- TASK
Using the data below, set down every line from the one containing "Acuarele 24 culori" through the one containing "Взрослые мужские коньки", inclusive and unchanged. Pictures are to be skipped.

- DATA EXTRACTS

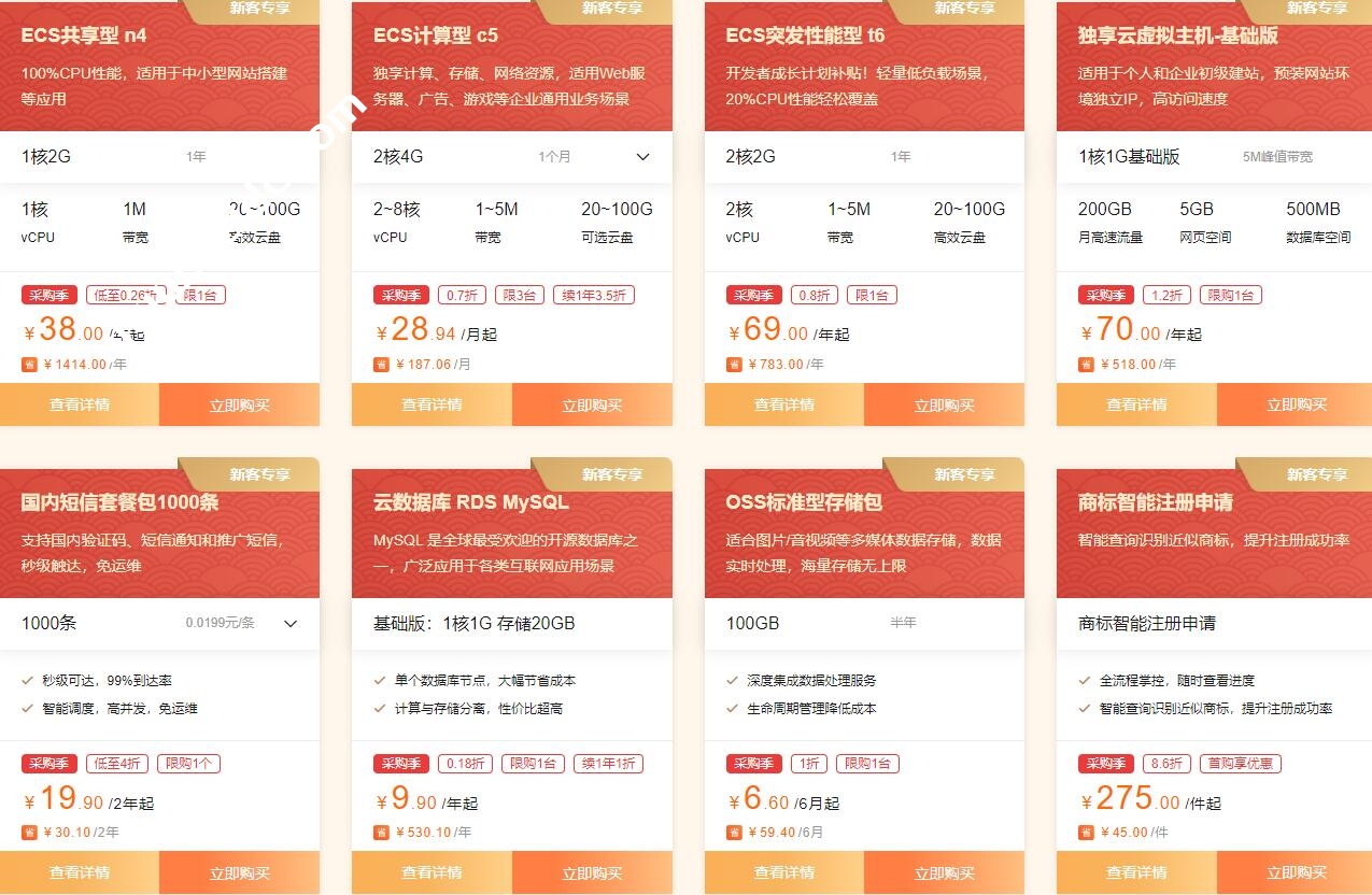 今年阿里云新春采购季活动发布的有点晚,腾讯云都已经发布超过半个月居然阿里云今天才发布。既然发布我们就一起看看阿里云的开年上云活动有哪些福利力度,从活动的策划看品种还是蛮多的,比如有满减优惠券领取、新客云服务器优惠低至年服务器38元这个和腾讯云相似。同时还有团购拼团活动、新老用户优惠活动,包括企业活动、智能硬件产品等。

---

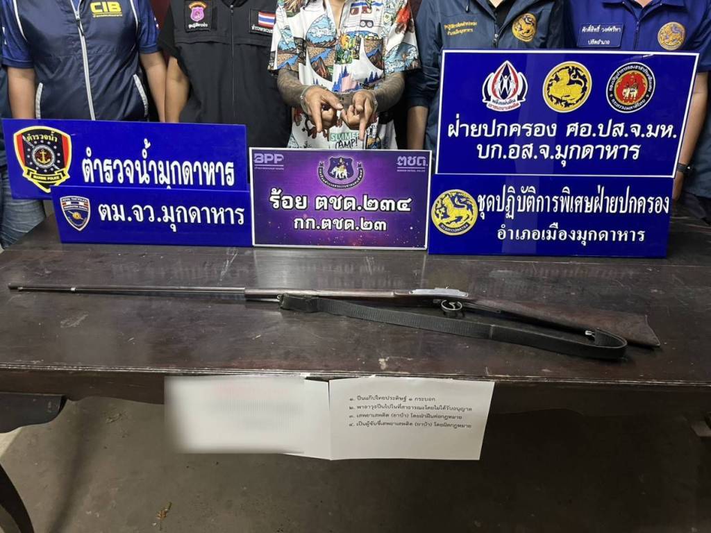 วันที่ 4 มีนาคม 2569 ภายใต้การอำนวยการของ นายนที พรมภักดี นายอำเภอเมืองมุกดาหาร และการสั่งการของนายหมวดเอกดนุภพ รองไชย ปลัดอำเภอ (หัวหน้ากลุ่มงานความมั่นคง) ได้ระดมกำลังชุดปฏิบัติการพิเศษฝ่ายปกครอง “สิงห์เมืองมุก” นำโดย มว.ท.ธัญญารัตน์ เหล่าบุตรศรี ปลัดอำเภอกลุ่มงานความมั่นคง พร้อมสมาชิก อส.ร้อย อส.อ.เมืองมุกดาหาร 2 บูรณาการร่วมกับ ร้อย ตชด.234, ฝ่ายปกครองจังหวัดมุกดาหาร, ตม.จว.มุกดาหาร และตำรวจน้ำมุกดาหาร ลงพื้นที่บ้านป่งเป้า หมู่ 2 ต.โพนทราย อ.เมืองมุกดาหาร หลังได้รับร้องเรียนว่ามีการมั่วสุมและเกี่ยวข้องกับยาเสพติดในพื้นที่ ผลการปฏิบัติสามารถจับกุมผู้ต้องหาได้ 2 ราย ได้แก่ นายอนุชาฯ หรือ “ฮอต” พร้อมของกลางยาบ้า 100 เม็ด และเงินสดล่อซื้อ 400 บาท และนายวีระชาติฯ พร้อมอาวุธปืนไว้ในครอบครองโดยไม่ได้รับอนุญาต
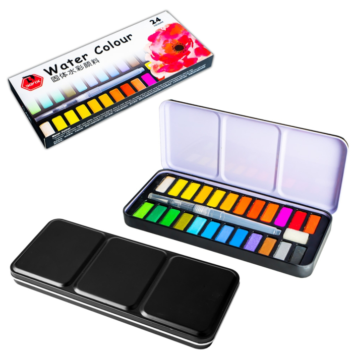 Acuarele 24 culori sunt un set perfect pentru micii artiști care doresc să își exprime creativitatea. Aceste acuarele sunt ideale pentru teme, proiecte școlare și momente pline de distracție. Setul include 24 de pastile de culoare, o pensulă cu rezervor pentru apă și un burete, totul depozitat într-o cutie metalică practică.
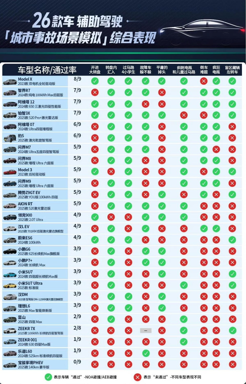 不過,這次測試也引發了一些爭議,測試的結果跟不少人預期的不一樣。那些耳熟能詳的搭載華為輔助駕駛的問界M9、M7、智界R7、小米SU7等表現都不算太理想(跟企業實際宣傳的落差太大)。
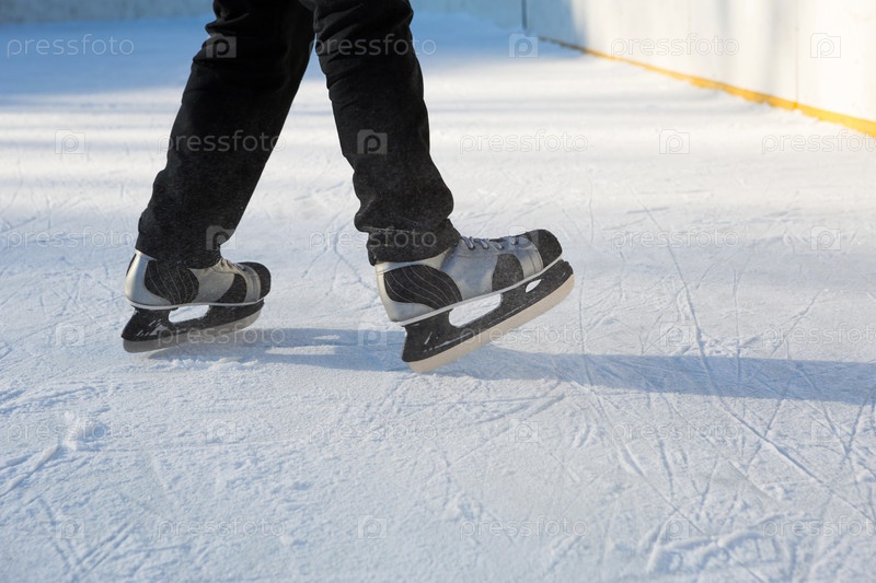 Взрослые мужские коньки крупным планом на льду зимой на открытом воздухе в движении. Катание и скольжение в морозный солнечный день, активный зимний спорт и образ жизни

- REPLY TO THE EXERCISE
 Acuarele 24 culori sunt un set perfect pentru micii artiști care doresc să își exprime creativitatea. Aceste acuarele sunt ideale pentru teme, proiecte școlare și momente pline de distracție. Setul include 24 de pastile de culoare, o pensulă cu rezervor pentru apă și un burete, totul depozitat într-o cutie metalică practică.
 不過,這次測試也引發了一些爭議,測試的結果跟不少人預期的不一樣。那些耳熟能詳的搭載華為輔助駕駛的問界M9、M7、智界R7、小米SU7等表現都不算太理想(跟企業實際宣傳的落差太大)。
 Взрослые мужские коньки крупным планом на льду зимой на открытом воздухе в движении. Катание и скольжение в морозный солнечный день, активный зимний спорт и образ жизни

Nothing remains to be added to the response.